Former art school in Seville, Spain

The Academia de Bellas Artes or Academy of Fine Arts of Seville was an institution for the instruction of students into the diverse arts. It was founded on January 1, 1660, upon the encouragement of Bartolomé Esteban Murillo, its first president. Murillo was able to also obtain the support of Juan de Valdés Leal, the second president and the younger Francisco de Herrera for this association, and the first meeting was attended by Herrera, Murillo, Valdés Leal, Sebastian Llanos y Valdes, Pedro Honorio de Palencia, Cornelio Schut, Ignacio de Iriarte, Matias de Arteaga, Matias de Carbajal, Antonio de Lejalde, Juan de Arenas, Juan Martinez, Pedro Ramirez, Bernabé de Ayala, Carlos de Negron, Pedro de Medina, Bernardo Arias Maldonado, Diego Diaz, Antonio de Zarzoza, Juan Lopez Carrasco, Pedro de Camprobin, Martin de Atienza, Alonso Perez de Herrera.

"The duties of the presidents, who revolved their position on alternate weeks, were to direct the progress of the pupils, resolve their doubts and settle their disputes, impose fines and preserve order in the school, and select new members entitled them to the rank of academician. The expenses of coal candle models and other items were defrayed by a monthly subscription of six reales, paid by each member; while students were liberally admitted for the purposes of study, on the payment of whatever fee they could afford.

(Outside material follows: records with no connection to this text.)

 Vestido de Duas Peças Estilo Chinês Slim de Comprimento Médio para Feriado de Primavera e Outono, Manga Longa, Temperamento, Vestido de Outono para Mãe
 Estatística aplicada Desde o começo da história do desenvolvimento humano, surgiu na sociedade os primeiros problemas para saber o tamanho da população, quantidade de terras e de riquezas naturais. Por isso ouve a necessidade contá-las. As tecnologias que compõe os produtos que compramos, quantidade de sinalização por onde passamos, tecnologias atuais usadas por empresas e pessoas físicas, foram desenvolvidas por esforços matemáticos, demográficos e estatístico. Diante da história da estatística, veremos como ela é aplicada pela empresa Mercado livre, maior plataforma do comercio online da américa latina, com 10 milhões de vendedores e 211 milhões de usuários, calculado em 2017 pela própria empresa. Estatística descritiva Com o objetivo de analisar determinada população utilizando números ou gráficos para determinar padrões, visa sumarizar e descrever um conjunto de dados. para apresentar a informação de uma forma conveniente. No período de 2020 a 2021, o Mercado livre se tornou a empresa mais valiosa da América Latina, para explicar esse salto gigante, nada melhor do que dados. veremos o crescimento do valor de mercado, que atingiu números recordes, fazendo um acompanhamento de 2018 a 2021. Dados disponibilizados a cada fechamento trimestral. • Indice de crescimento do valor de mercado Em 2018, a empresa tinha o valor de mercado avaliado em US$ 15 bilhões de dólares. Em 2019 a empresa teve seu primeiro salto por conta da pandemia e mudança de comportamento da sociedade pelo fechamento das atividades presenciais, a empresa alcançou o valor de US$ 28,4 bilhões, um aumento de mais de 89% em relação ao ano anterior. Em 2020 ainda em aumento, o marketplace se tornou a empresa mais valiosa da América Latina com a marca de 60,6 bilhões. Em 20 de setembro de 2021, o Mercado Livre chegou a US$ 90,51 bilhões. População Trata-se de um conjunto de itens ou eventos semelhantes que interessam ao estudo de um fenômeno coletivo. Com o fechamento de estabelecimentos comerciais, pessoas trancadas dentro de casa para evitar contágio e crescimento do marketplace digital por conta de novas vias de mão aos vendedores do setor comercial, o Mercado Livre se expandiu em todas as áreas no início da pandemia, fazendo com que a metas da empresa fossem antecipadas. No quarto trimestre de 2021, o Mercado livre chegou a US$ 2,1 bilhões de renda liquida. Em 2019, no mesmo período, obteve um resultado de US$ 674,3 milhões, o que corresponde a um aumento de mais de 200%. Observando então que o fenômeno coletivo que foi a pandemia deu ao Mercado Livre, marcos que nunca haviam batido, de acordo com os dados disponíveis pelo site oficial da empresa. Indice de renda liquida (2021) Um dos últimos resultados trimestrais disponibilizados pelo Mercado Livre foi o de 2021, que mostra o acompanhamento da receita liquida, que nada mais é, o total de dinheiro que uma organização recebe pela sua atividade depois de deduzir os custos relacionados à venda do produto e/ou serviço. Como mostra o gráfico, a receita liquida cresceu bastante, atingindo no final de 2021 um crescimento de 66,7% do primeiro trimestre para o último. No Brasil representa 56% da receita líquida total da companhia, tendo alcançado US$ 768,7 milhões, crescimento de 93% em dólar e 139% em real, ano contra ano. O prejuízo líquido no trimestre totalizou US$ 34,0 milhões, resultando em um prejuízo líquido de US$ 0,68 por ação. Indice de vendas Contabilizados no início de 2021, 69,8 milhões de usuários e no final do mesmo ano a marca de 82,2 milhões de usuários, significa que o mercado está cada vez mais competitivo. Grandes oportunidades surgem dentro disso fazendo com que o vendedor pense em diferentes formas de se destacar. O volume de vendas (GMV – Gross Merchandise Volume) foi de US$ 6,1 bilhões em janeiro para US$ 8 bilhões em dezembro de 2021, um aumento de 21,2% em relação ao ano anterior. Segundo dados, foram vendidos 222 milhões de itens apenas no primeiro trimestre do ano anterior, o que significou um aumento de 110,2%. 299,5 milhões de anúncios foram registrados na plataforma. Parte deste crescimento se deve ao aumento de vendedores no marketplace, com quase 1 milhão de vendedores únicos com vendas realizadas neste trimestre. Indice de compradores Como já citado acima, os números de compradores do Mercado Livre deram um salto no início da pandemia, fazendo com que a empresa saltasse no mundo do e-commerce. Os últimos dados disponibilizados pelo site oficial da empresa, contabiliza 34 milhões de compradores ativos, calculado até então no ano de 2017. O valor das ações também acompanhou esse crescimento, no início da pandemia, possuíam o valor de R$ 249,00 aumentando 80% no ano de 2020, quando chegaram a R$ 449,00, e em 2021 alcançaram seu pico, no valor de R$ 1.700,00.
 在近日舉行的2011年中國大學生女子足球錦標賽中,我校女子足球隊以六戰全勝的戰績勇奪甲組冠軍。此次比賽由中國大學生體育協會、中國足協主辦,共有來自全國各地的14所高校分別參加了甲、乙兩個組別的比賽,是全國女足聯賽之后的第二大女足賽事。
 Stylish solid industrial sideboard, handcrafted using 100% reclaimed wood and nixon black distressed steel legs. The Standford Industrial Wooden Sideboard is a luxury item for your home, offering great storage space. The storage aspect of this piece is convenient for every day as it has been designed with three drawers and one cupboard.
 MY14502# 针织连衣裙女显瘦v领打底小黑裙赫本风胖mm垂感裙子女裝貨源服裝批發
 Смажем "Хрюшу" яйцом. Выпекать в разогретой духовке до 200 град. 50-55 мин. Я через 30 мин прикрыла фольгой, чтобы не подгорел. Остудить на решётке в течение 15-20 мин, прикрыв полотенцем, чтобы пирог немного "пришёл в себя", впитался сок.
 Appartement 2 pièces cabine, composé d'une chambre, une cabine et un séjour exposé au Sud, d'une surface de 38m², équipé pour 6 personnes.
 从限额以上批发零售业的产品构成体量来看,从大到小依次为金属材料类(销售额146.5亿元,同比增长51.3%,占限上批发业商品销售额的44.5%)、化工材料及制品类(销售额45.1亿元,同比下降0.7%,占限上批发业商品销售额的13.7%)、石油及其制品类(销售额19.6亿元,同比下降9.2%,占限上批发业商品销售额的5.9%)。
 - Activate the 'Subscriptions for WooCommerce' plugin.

The students had to profess their orthodoxy by stating "Praised be the most holy Eucharist and the Immaculate Conception of Our Lady". In school, conversation on subjects irrelevant to the subjects of the school was prohibited, and the offender was fined if he persevered in it, after the president had rung his bell twice. Swearing, profane language, and offences
against good manners were also fined.

After a brief dip in students, by 1673, the academy had 43 members. The academy was not successful in fostering students that ever matched in eminence those of the academy's founders. This Sevillian Academy predated the Academia Real de Bellas Artes de San Fernando in Madrid.